- Your assignment -
Print the listing below only from the line that has "这款主题的桌面背景是一个小女" through the line that has "多巴胺纯棉毛绒M字短袖t恤女宽松夏季小众3D立体绣花BF风情侣上衣", exactly, and drop any picture.

------ Supplied records

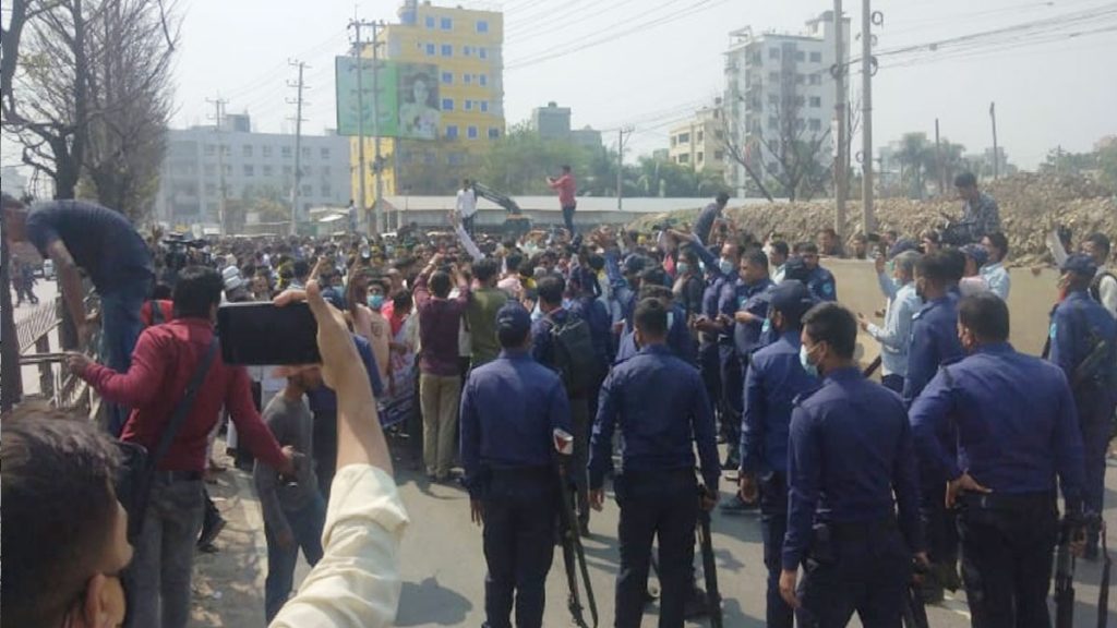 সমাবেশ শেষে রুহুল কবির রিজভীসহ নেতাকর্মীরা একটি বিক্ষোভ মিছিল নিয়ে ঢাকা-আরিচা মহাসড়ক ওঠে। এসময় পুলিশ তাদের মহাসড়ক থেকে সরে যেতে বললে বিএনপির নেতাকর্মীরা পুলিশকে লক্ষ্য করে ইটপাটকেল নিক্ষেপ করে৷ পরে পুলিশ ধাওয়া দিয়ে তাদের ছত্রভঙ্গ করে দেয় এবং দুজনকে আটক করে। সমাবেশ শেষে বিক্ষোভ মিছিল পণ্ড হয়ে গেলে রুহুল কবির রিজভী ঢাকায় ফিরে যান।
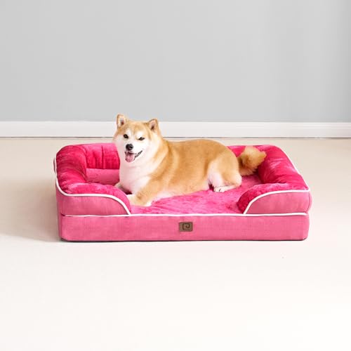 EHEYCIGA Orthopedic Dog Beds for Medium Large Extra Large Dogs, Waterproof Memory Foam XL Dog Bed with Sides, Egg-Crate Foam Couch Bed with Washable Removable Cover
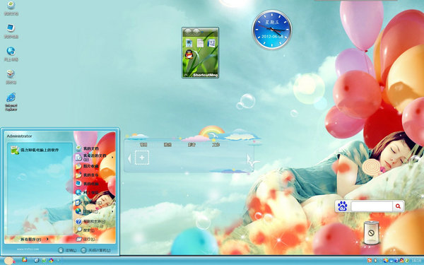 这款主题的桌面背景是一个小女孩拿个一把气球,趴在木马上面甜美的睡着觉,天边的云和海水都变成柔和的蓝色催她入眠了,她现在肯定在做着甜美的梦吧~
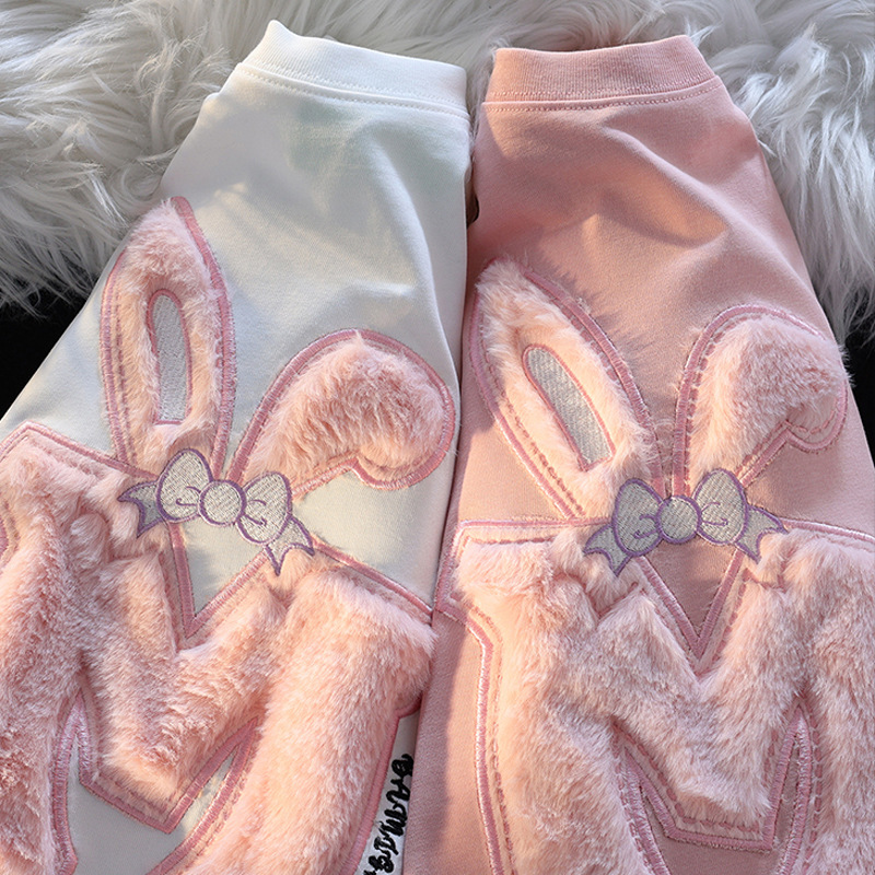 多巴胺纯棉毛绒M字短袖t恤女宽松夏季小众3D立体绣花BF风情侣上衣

------------
------ Supplied records

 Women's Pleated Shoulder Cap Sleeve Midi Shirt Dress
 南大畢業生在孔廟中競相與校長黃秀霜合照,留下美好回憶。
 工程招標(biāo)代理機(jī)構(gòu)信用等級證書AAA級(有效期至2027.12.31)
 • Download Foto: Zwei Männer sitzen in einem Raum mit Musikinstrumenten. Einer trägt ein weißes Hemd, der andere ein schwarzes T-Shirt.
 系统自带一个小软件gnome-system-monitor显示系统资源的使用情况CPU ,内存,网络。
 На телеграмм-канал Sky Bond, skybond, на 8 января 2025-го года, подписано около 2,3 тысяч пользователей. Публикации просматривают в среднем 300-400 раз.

------------
------ Supplied records

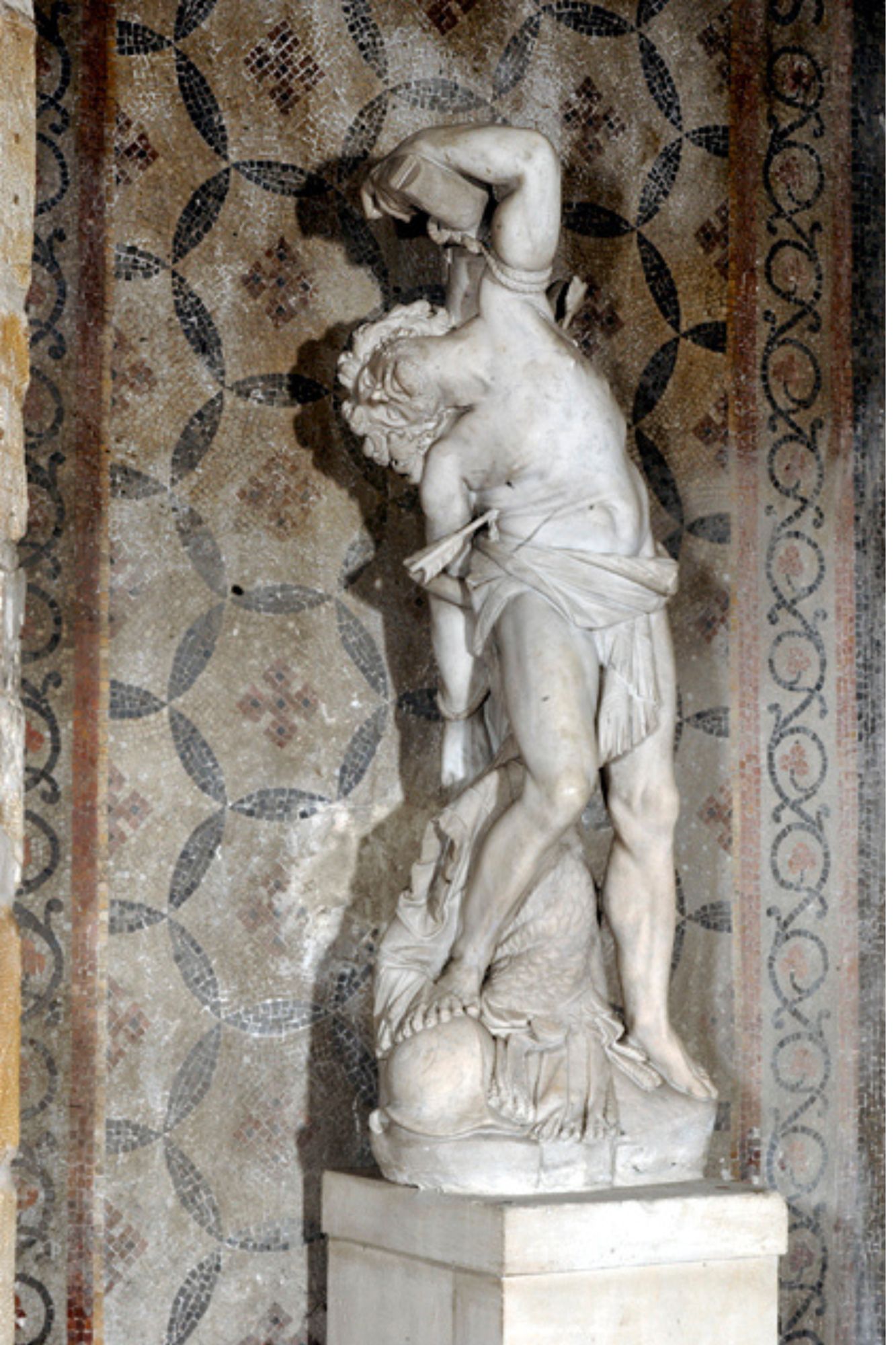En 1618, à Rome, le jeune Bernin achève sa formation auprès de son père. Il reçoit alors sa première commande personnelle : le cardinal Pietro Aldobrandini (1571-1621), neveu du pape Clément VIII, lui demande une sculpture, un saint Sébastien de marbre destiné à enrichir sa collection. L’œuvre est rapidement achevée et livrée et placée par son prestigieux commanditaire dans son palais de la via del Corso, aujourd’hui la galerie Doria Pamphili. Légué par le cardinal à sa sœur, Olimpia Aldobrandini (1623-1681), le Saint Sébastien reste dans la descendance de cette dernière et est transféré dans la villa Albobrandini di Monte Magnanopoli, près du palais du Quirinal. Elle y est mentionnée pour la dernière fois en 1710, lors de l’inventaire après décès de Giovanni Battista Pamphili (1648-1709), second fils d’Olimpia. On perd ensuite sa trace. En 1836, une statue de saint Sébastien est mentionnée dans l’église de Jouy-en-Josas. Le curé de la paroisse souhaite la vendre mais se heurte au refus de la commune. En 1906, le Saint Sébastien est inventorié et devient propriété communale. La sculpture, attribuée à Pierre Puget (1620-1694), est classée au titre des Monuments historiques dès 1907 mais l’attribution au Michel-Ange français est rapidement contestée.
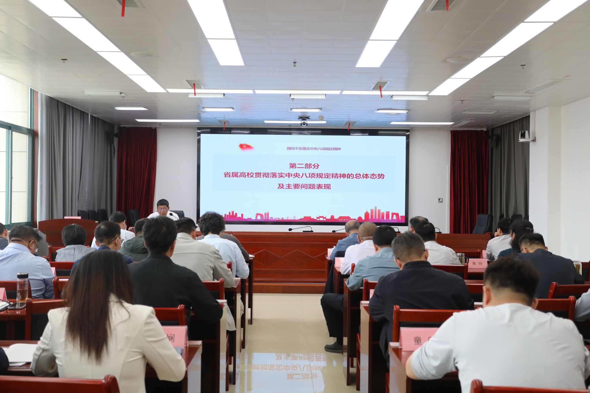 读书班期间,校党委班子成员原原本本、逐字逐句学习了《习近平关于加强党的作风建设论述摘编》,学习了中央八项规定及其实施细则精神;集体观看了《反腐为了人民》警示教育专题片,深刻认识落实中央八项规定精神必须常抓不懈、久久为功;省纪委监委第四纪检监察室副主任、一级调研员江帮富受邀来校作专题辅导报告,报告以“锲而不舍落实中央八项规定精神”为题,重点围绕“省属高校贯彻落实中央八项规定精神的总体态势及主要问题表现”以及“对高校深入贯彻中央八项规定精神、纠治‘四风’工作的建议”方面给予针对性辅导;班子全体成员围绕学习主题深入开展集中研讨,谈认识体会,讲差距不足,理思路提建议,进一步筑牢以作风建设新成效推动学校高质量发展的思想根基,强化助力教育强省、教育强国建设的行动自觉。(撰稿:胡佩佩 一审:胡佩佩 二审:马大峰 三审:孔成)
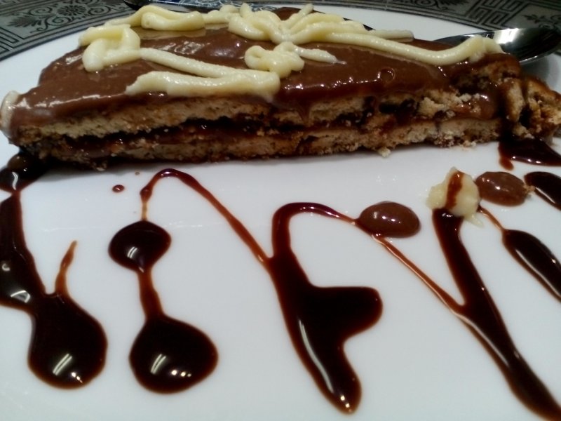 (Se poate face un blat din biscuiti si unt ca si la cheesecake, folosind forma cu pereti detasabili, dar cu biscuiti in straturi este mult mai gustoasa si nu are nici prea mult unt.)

------------

- Exercise answer -
 这款主题的桌面背景是一个小女孩拿个一把气球,趴在木马上面甜美的睡着觉,天边的云和海水都变成柔和的蓝色催她入眠了,她现在肯定在做着甜美的梦吧~
 多巴胺纯棉毛绒M字短袖t恤女宽松夏季小众3D立体绣花BF风情侣上衣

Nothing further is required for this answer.